__WORK ITEM__.
Return the run of lines below that opens with the line containing "通過對學生調查反饋來看,學生" and closes with the line containing "(ШГВ): 568х448х430 мм;", keeping each one exact.

++++ DATA TO EXAMINE ++++

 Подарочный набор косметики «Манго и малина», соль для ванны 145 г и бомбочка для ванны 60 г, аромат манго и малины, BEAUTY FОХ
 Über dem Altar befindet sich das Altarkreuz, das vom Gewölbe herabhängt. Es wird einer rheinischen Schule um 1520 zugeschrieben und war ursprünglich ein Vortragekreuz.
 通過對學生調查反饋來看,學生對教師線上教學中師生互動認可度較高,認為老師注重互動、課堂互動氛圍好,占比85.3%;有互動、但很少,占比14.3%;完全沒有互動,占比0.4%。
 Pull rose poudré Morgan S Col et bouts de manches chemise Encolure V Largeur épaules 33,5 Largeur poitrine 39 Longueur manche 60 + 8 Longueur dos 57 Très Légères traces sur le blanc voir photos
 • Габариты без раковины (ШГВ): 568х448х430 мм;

++++
++++ DATA TO EXAMINE ++++

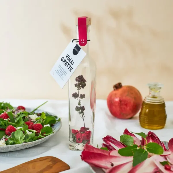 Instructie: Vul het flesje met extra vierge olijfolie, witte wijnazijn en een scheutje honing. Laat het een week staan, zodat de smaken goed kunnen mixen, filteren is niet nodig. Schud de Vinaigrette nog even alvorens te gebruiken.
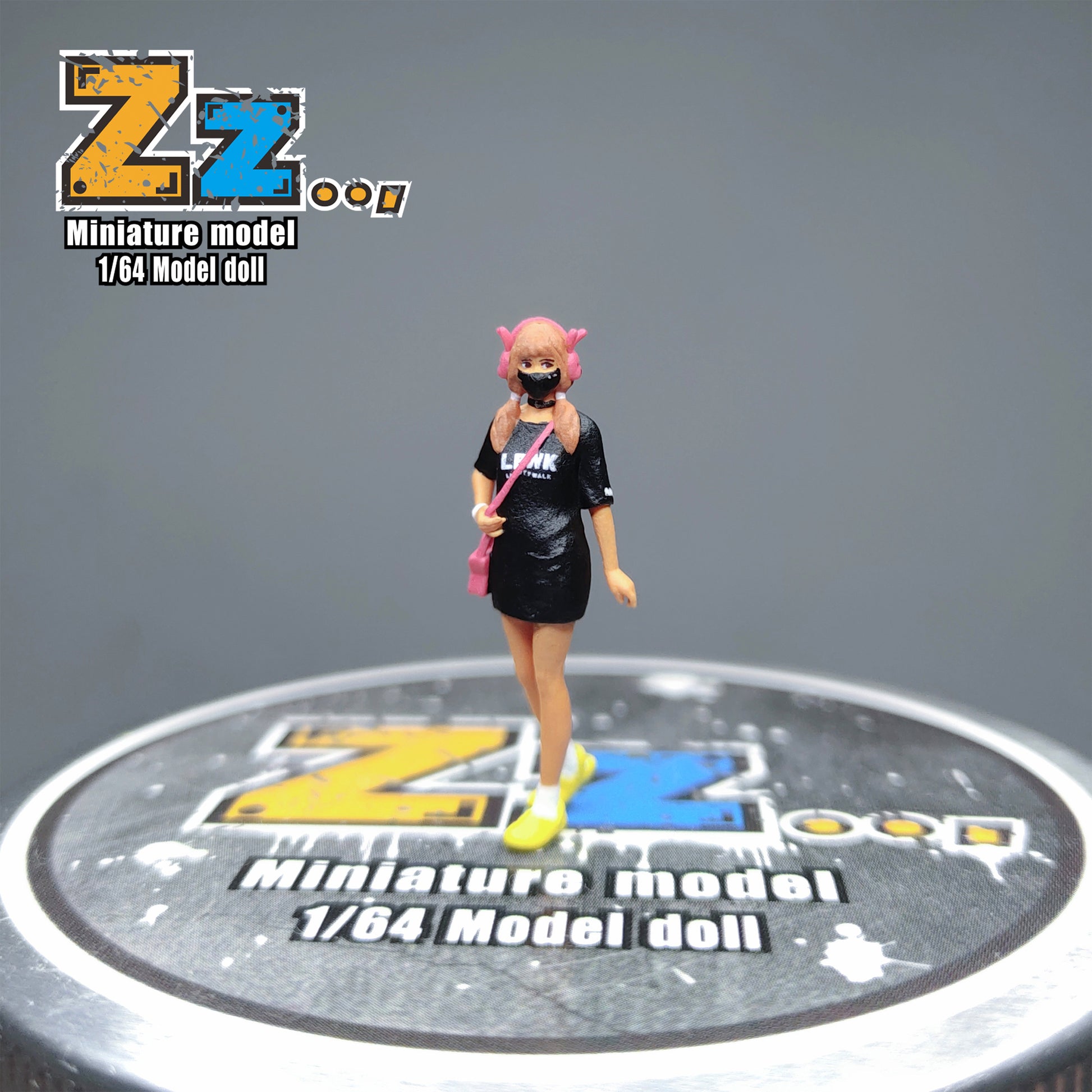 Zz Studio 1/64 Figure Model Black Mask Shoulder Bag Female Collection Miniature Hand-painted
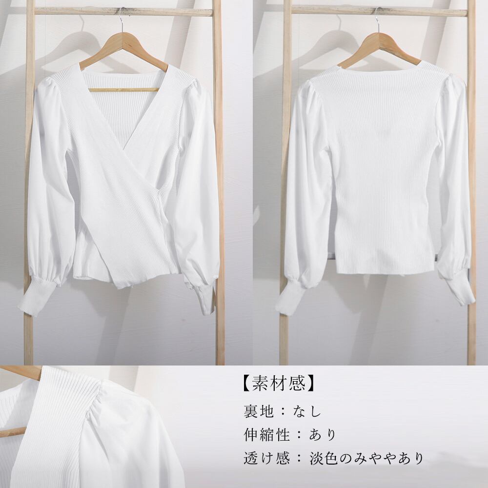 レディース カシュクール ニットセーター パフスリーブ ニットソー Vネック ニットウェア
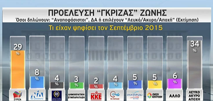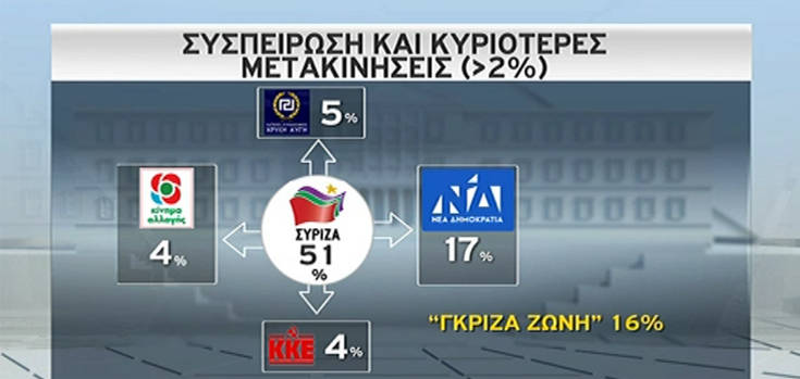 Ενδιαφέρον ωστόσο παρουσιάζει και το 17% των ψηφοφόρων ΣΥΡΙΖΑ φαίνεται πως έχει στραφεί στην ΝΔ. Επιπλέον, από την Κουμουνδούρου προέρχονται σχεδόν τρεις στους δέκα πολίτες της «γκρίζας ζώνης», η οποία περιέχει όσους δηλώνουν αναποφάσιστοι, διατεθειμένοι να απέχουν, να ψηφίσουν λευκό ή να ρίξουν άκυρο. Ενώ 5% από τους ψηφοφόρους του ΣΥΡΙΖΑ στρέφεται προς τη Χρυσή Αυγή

++++
++++ DATA TO EXAMINE ++++

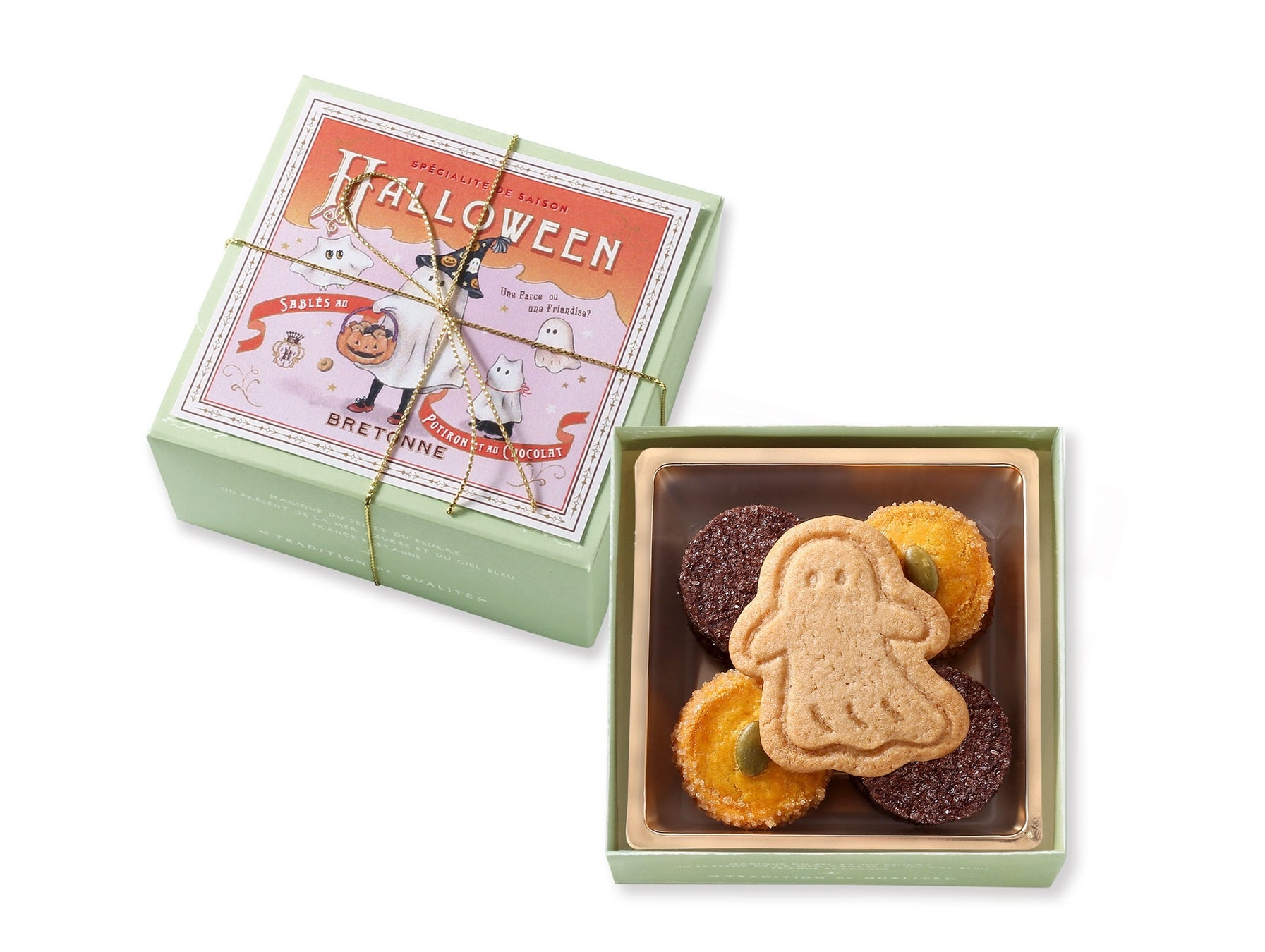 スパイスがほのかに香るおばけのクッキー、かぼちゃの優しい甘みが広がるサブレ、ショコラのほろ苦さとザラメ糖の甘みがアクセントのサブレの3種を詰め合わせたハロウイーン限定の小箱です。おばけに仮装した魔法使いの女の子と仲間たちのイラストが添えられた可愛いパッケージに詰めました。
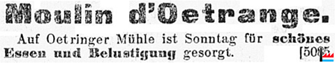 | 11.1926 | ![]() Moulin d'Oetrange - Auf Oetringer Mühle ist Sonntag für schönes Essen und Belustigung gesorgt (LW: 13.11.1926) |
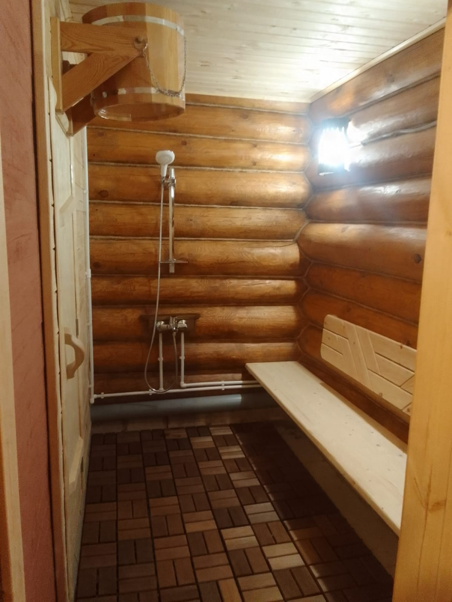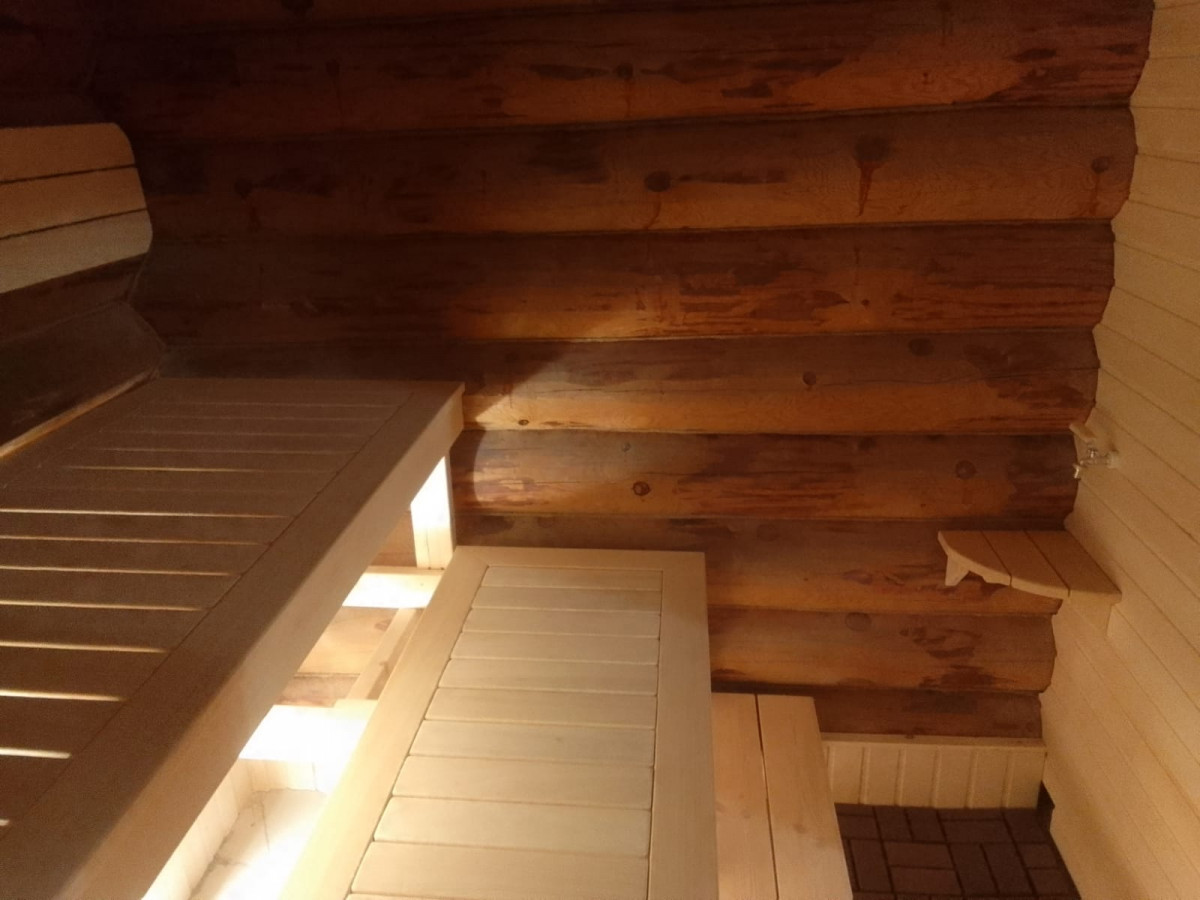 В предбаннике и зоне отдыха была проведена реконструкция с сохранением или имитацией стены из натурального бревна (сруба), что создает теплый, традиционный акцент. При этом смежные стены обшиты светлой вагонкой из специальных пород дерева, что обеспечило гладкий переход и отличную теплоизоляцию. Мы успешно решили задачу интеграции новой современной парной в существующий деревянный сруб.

++++

__EXPECTED ANSWER__.
 通過對學生調查反饋來看,學生對教師線上教學中師生互動認可度較高,認為老師注重互動、課堂互動氛圍好,占比85.3%;有互動、但很少,占比14.3%;完全沒有互動,占比0.4%。
 Pull rose poudré Morgan S Col et bouts de manches chemise Encolure V Largeur épaules 33,5 Largeur poitrine 39 Longueur manche 60 + 8 Longueur dos 57 Très Légères traces sur le blanc voir photos
 • Габариты без раковины (ШГВ): 568х448х430 мм;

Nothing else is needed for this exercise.